When we published our extensive two-part review of the M1-powered Mac mini last spring with a particular CAD/3D focus, we ended by saying that “Apple’s Firestorm cores in the M1 are unmatched. Where the M1 falls down is in multi-core performance.”
Fixing the Multi-Core Issue
I don’t want readers to misunderstand that last sentence, however. The M1 is an incredibly powerful chip for its cost and it divides its 8 CPU cores into 4 Firestorm and 4 Ice-Storm cores. Balanced symmetrically between performance and energy efficiency, the M1 made sense for the types of Mac computers Apple had targetted the chip for.

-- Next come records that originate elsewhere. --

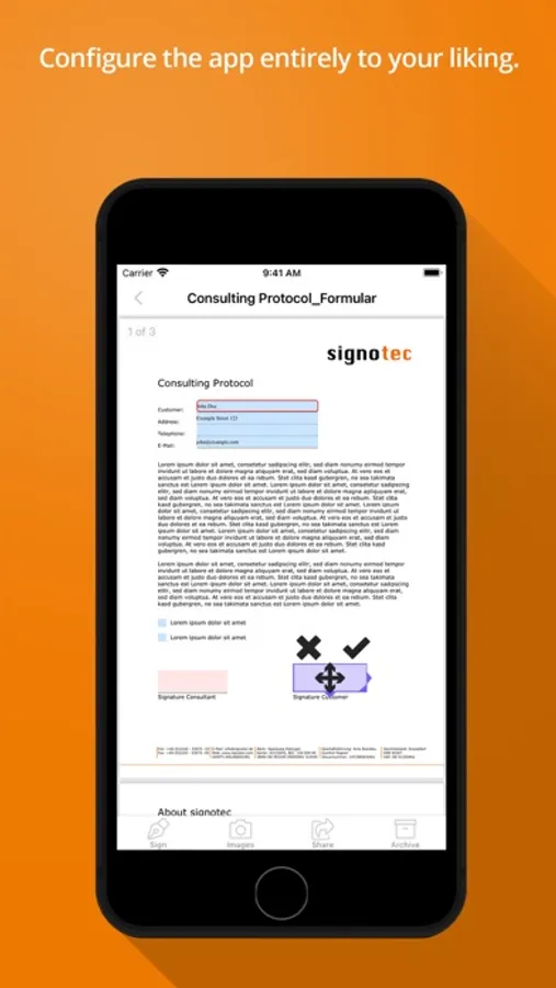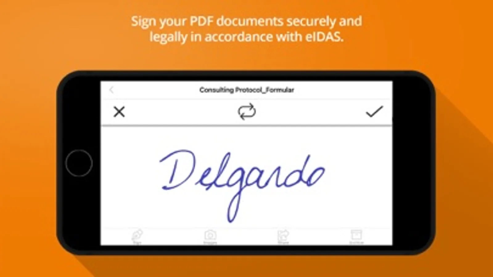 Sign PDF documents conveniently on your iPhone or iPad with your biometric, digital signature using finger or pen input. At the same time, meet the legal requirements for an advanced electronic signature according to the eIDAS regulation.
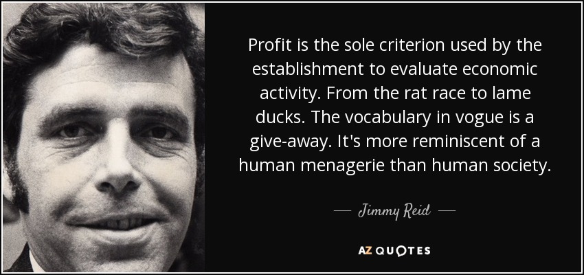 Profit is the sole criterion used by the establishment to evaluate economic activity. From the rat race to lame ducks. The vocabulary in vogue is a give-away. It's more reminiscent of a human menagerie than human society.
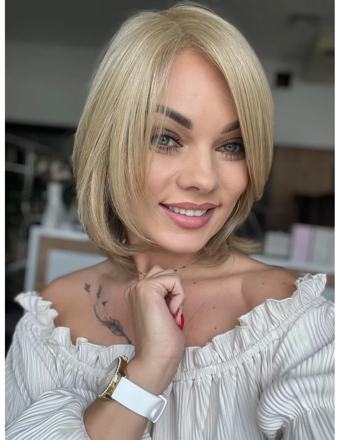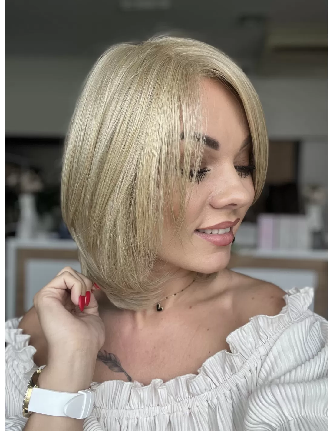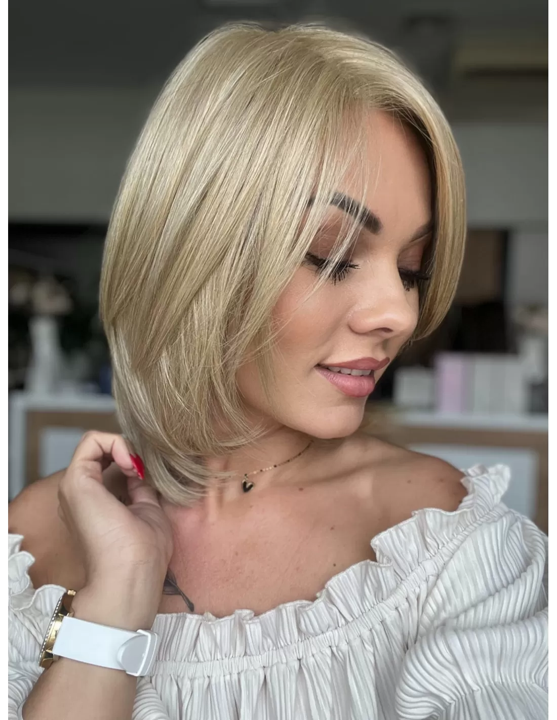 Peruka AURORA to model wykonany maszynowo z przedziałkiem oraz rozmytą linią grzywki z włosa syntetycznego odpornego termicznie do temperatury do 160◦ C. Wyjątkowy fason w kolekcji STARDUST wykonany z dłuższych włosów co pozwala na wszechstronność stylizacji.
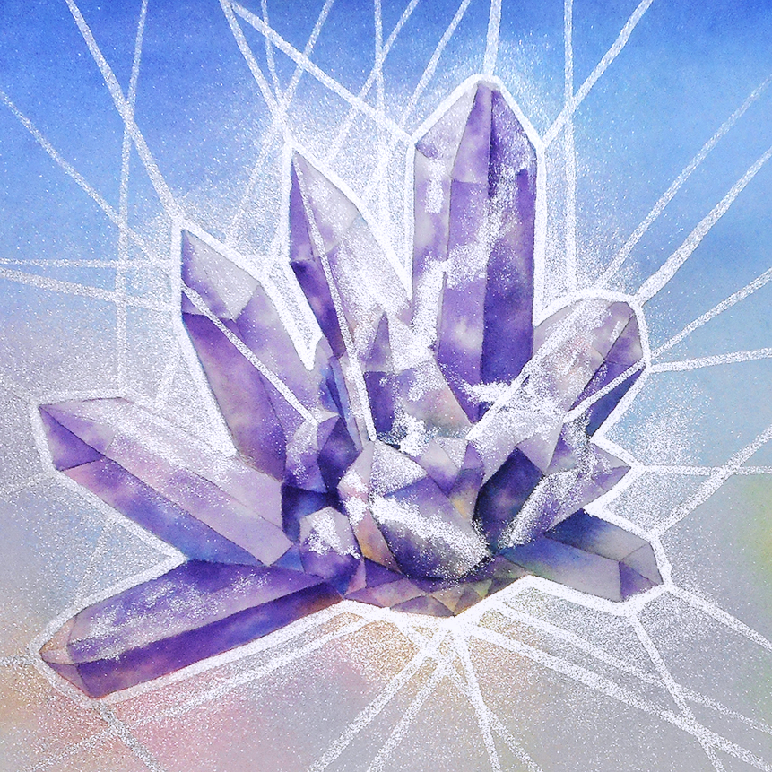 Upon entering the dream land, you may find yourself traveling through an amethyst. In this amethyst, reality shifts and bends, and you can shrink down to the tiniest atom or grow larger than the crystal itself. Suddenly, you can move in between the dimensions of the seen world. Flying through the crystalline structures that shift and change beyond comprehension, you are dazzled by the enchanting ocean of royal purple, lavender, deep mauve, and icy violets. Throughout the amethyst are sparkles of gold and rutilated metals. You follow these metallic lines, and they lead you through the labyrinth of fractal formations and galaxies of stardust, like wandering through different cities on an archipelago of gemstones. It is a land beyond time and space. Welcome to the mesmerizing world of crystal traveling.

Now with the MacBook Pro, Apple is thinking that pro users are going to bias workflows that put slightly more emphasis on powerful time-saving functionality over battery life. The new MacBook Pros still get incredibly battery life, but these machines are for power users. Where the M1 MacBook Air is ideal for say a journalist or author in a remote location who needs to get a lot of writing done and needs maximum battery-life, the M1 Pro or M1 Max-based MacBook Pro is for the film editor, architect, 3D animator, or coder who needs to get work done faster even when unplugged.
Apple has rebalanced things. The M1 Pro and M1 Max feature 10 cores and 8 of them are Firestorm cores, while only 2 of them are Ice Storm cores. The result is these new MacBook Pros deliver double the number of Firestorm cores (8) and that makes a big impact on multi-core workloads like 3D rendering workflows, film editing workflows, science and engineering workflows, and 3D CAD/BIM workflows in AEC where more processing these days is multi-threaded. In short, Apple has totally fixed the multi-core issue, giving pro users whose apps use more “multithreaded” the power they really want.